Йорх открыл глаза, фыркнул.
— Другие вожди верят вам. Они не видят в сплетённой вами игре теней очертаний смертельной угрозы. Они полагают, что ценой своей чести они могут спасти жизни клана.
Но не Йорх! Он видел вашу цель, чуял ваши намерения. Йорх слышал ваши мысли. Клан был обречён, как и тогда, три лета назад. Мы могли уйти, сохранить жизнь и потерять честь. Мы могли напасть на вас, потерять жизнь и потерять честь. Йорх выбрал — сохранить честь — и свою, и клана.

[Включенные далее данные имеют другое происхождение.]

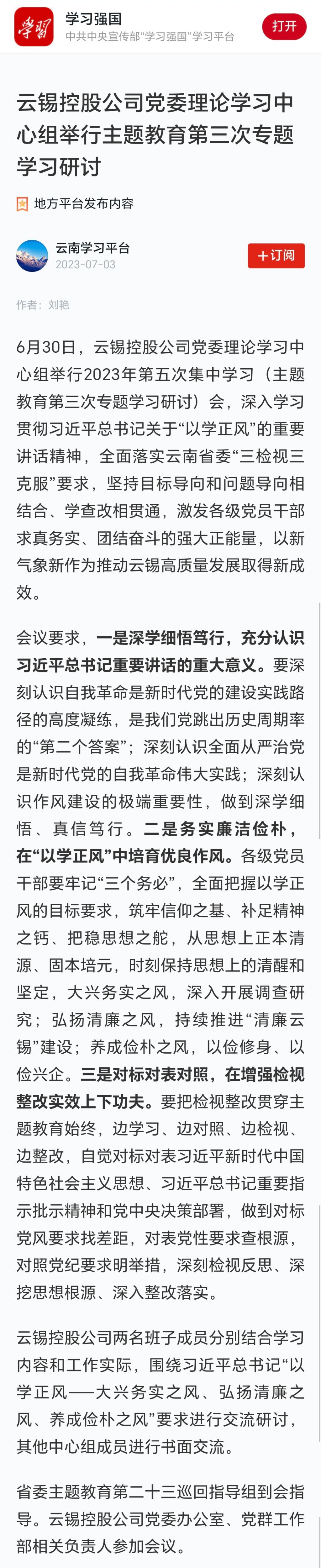 学习强国:云锡控股公司党委理论学习中心组举行主题教育第三次专题学习研讨
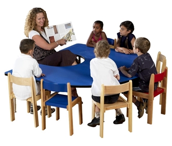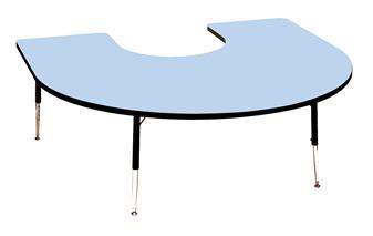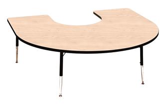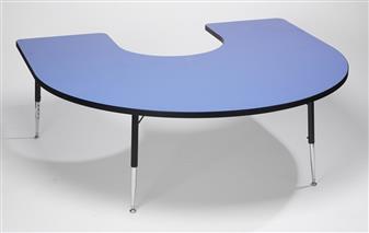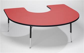 Premium quality height-adjustable Horseshoe table, with shaped top to help facilitate creative interaction. This piece of classromm furniture is ideal for the nursery school, pre-school, play school, early years classroom, primary school, and other children's educational environments. Hardwearing and wipe-clean, the table is designed for longevity and is ideal for heavy-duty educational usage. It comes in four laminate top colours; red, blue, maple & grey each with a durable PVC moulded edge for added safety, and the frames are black powder coated (EPC) for scratch resistance and longevity. The table has adjustable heights in 25mm increments, starting from 430mm up to 635mm high, and requires simple assembly.
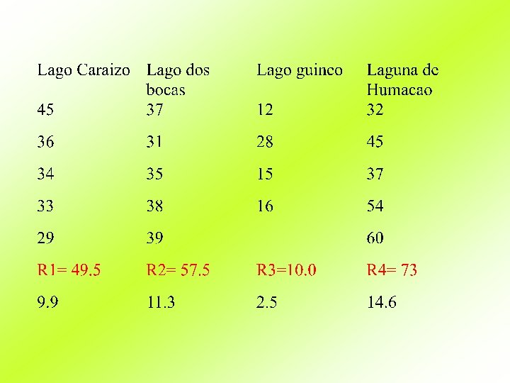 RESULTADO • • # GROUPS = 4 # TIES = 2 H = 10. 803 HTIES = 10. 822 • F = 7. 5 • F 3, 14 = 4. 24
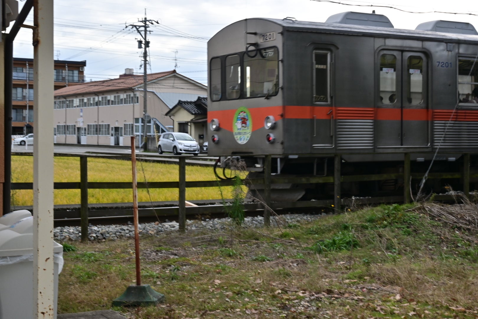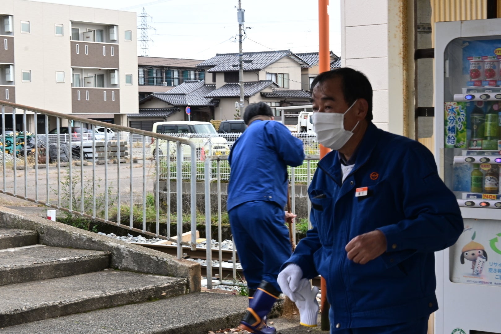 電車が来ると、工業大学の学生さんたちは鶴来駅の清掃へ移動。
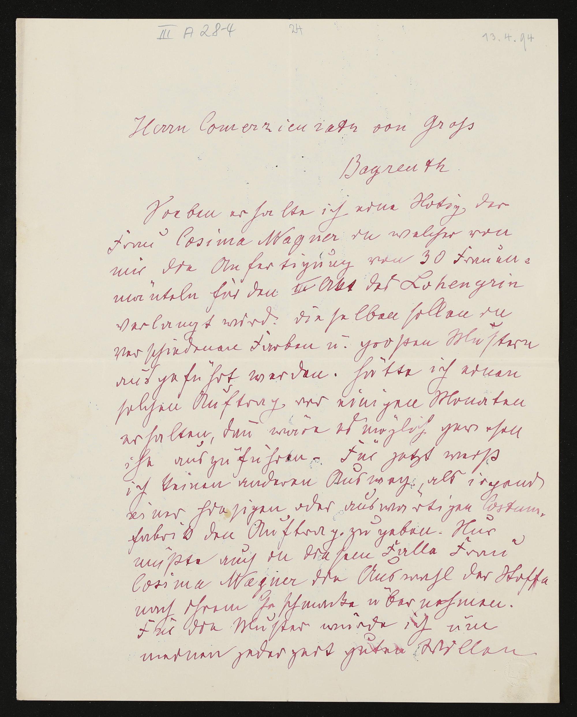 eigenhändiger Brief von Joseph Flüggen an Adolf von Gross
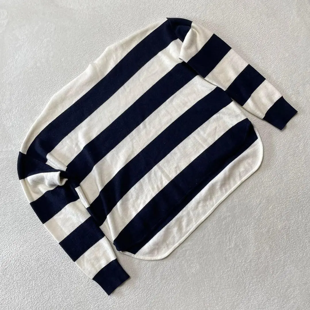 socolla ニット セーター 長袖 ボーダー ホワイト×ネイビー おしゃれ

«Хорошо б, все верги так начали делать», — подумал я тогда. Да и после, вспоминая, склонялся к тому же. Ну ведь глупость же несусветная — отправить весь свой клан навстречу смерти во имя сохранения «чести», даже не спросив мнения соклановцев. Даже не глупость — преступление! Если бы я сделал такое (хотя я и представить себе не могу причин, побудивших меня сделать что-то подобное) — я бы и дня с этим прожить не смог — сам бы на себя руки наложил. А Йорх вполне спокойным выглядел и в правоте своей уверенным. Вообще, я способен оценить благородство. И себя считаю вполне честным человеком. Идея пожертвовать своей жизнью (ну или честью, раз уж на то пошло), чтобы спасти жизнь других — мне понятна. Но — пожертвовать чьей-то жизнью, чтобы спасти его честь!? Это выше моего понимания настолько, что просто бесит — думать об этом спокойно не могу. Наверное, поэтому тот эпизод; та, ничем особо не примечательная чистка, всплывает в моей памяти мне чаще обычного. И, в последнее время, вспоминая удаляющуюся под мерный скрип колёс повозку и спокойный твёрдый взгляд сидящего в клетке верга, я начинаю подозревать, что главную цель его интриги я тогда упустил.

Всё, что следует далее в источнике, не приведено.